Twenty years ago, in the wake of al Qaeda’s Sept. 11, 2001 attacks on the United States began a “Global War on Terror” that spanned five continents and included active combat and theaters of war in parts of Central and Southeast Asia, the Maghreb and sub-Saharan Africa, and the Middle East. However, not long after the operation was announced, the U.S. counterterrorism mission began to morph into counterinsurgency and nation building.
This is what is known as “mission creep” in military parlance.

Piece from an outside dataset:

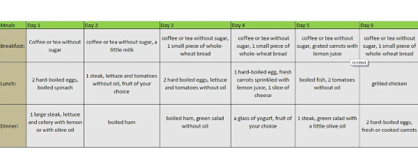 After the 7 days, repeat all over once again, for another 7 days. After the period of 2 weeks, it is necessary to take a break. When you have finished the diet it is recommended to not consume more than 1,500 calories a day, unless you want the yo-yo effect.
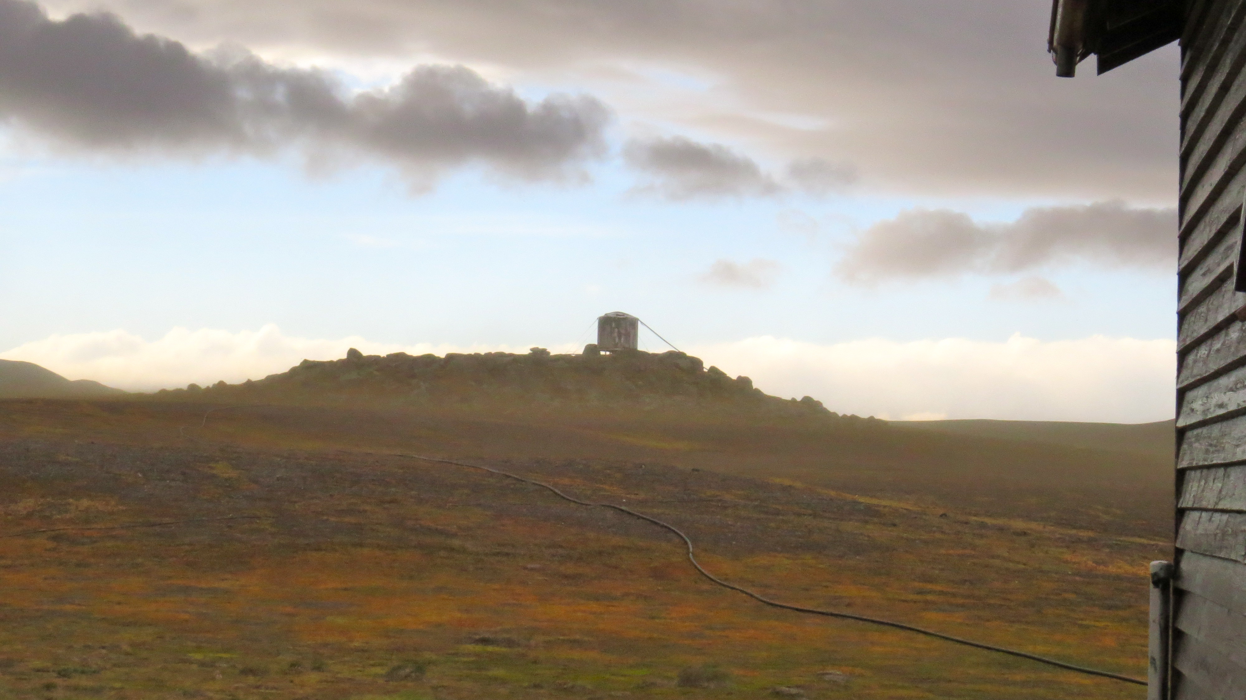 We went to bed for the second night at Nyidalur hut expecting the next day to be a windy one – come morning, I can’t say we were disappointed. One of the main poles of the tent had been bent, and we had a struggle collapsing it without it going airborne. The wind was gusting above 60 miles per hour, and continued to rise as we ate breakfast indoors. Our worries felt justified when Inga positively forbade us to ride anyway that day. Not that we would have gotten anywhere anyway, as the wind was blowing from the southwest, against our direction of travel. All morning the wind rose, moaning in the chimney and the windowpanes, and seemingly trying to wrench the hut apart, one plank at a time. The violence of the storm made our little outpost a desert island among grey waves – it wasn’t safe to drive and so everyone else was as stuck as we were. The busload of elderly tourists seemed to be having a great time, and to be honest we were enjoying the enforced day indoors given that the only cost was occasionally making sure one of the older guests didn’t get blown away on trips to the outdoor toilet. By early afternoon the wind had peaked, we guessed at roughly 90 mph but weren’t sure – the amount of dust blown into the air had dimmed the sun, and the small river beside the hut was mostly airborne and travelling uphill. I learned how to play solitaire, started to love it, and got over it in the space of a morning, but there was a strange enjoyment in simply watching the wind punish the land with an invisible hand; even a sense of camaraderie between inmates in the hut, as we swapped stories and encountered general amazement at our inefficient mode of travel. There were a couple of events to make the day a little more interesting, the first of which was the arrival of a pair of German tourists in a rented Suzuki Jimny. They seemed to have no idea of where they were, why the weather might not have made driving that wise (Jimny’s are not renowned for their off-road ability), and didn’t comprehend that there weren’t any spare beds in the small hut. They absolutely maddened Inga, who seemed to have had quite enough of being cooped up with her enforced collection of bemused and idiotic captives. Still, the Germans were talkative enough, and Inga thawed out enough to share some chocolate cake that she had been saving with us. A friendly atmosphere prevailed. The best part of the day, though, was watching two fatbike riders, travelling south-north, get blown past the hut at mach chicken having obviously elected to crack on and make the most of a meteoric tailwind. They barely made it across the river beside the hut without getting forcibly dunked by the strength of the wind, and we soothed our jealousy by muttering that it was a silly and dangerous thing to do. Inga was furious that anyone would be so stupid, and perhaps had a point. It was hard to picture being able to control a bike in the wild gusts, even if you were travelling with them, and the pair had almost no kit besides a tiny rucksack each. We were approximately 100km from the nearest houses in either direction, and it would be a lonely, wild day to have a mishap. Inga hoped that they would run in to the rescue team stationed down the road and be talked into sense.

When the ruling Taliban refused to hand over Osama Bin Laden and his fellow terrorists, the United States embarked on a campaign to degrade and destroy al Qaeda, overthrow the Taliban, and prevent Afghanistan from being used as a terrorist sanctuary to conduct attacks against the U.S. homeland. The U.S. military and intelligence community found that defeating the Taliban in the opening campaign of the war was the easy part. Post-Taliban governance and reconstruction known as “nation building,” and fighting the Taliban insurgency were much harder. This is a lesson we would fail to learn and an experience we would repeat in Iraq – and to a lesser extent in Egypt and Libya – during the “Arab Spring.”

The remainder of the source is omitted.